The right to the city also involves the right to sound. The collectively shared tangible and intangible urban resources of urban life make up a soundscape is subject the variety of uses of the public space by strangers and you, making sound and silence urban common resources. The industrial sounds of building sites, busses driving by or people talking can create chronic street nuisances when not regulated (Foster 2013). The right to silence does not seem a possibility in public spaces, however, the introduction of mobile music players and headphones have given people the agency to create a personal soundtrack to ones time in public spaces. This personal soundtrack has two functions; it blocks out sounds of the world around you, but it also enhances your experience of this world by creating an auditory layer to your multisensory experience. Headphones create a private bubble, distancing you from urban reality, like Michael Bull demonstrates in his chapter on the ability to “remake the urban” through the use of mobile music devices like Apple’s iPod (2013). Emphasized in the marketing of the iPod, individuality proves to be a desired facility to be combined with the use of urban commons. The personal soundtrack seems to enhance the urban experience, somewhat similar to how Parisian flaneurs in the second half of the nineteenth century performed their occupancy of the streets for strangers to be watched, but not to connect with those strangers (Harvey 2008). The sight of headphones signals a disconnection that again can cause a chronic street nuisance in the use of urban commons, because it creates an intangible communicative wall.
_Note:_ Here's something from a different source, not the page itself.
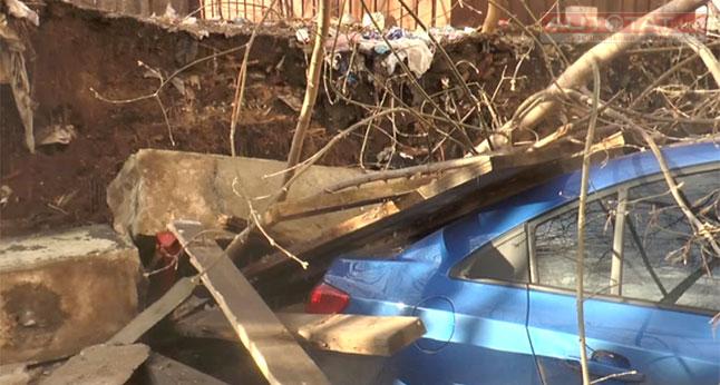 В результате талые воды подмыли основание забора, который рухнул на припаркованный Chevrolet Cruze - деревянные балки промяли кузов автомобиля и разбили заднее стекло. По словам водителя полной страховки у него нет, поэтому неизвестно кто будет ему возмещать ущерб.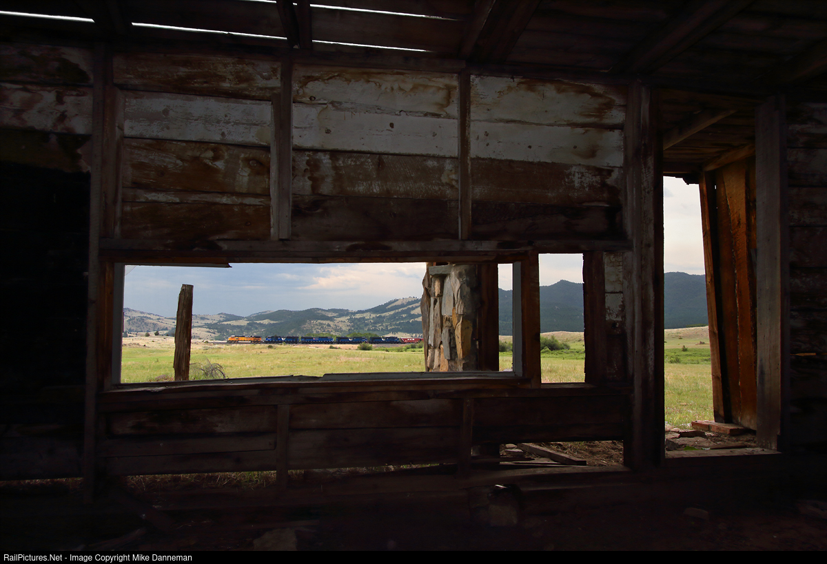 BNSF GE C44-9W No. 5383 leads four Montana Rail Link EMD SD70ACes as head end power for a heavy Herzog ballast train climbing Mullan Pass out of Austin, Montana, as seen from inside a deserted outbuilding of an abandoned ranch.

iPod advertisement, expressing the ideal of individuality signified by the white earphones on the silhouettes in 2001 by Apple inc. by AP images

The following example shows how the ability of headphones creating a comfortable bubble has been used to reverse the individuality commonly associated with the wearable technology. Over the years, flash mobs and silent discos have been combined to evade laws about playing music over electronic speakers in public spaces, but still being able to temporarily transforming the urban space in a dancefloor. This collective action is enabled by the authoritative rule limiting options for playing music in public spaces, pressing the need for the creative alternative: a silent disco. Connection through music has proven to be effective in creating a feeling of like-mindedness and overcoming boundaries. If you search on YouTube for Silent Disco Flash Mobs, you will find demonstrations of people suddenly gathering in a public space (usually a square) in cities around the world, dancing to music only they can hear by wearing headphones, for example the ‘Disrupt the Norm’ event at Granary Square in London. Another video from 2011, titled ‘Biggest Flashmob ever in Eindhoven with Headphones,’ we see a similar flash mob happening at the Piazza square in Eindhoven, where a DJ on a bike and some people in on the plan hand out wireless headphones playing the DJ’s music. The fact that strangers can join the flash mob makes this an interesting case, because it shows how the visual act of wearing headphones, together with knowingly hearing the same music, connects people in such a way that they create a collective occupancy of the public space that makes people comfortable to dance, scream and clap “like no on is watching.” The act is specifically meant to reach out to the people passing by that are watching, to signify how they are the outer circle versus the safe inner circle. In occupying the space by their dancing, creating a physical circle, they also sing along to the music, clap together, sonically occupying a far wider area. Playing the same music over multiple peoples’ headphones thus expands the comfortable bubble of the individual headphone user.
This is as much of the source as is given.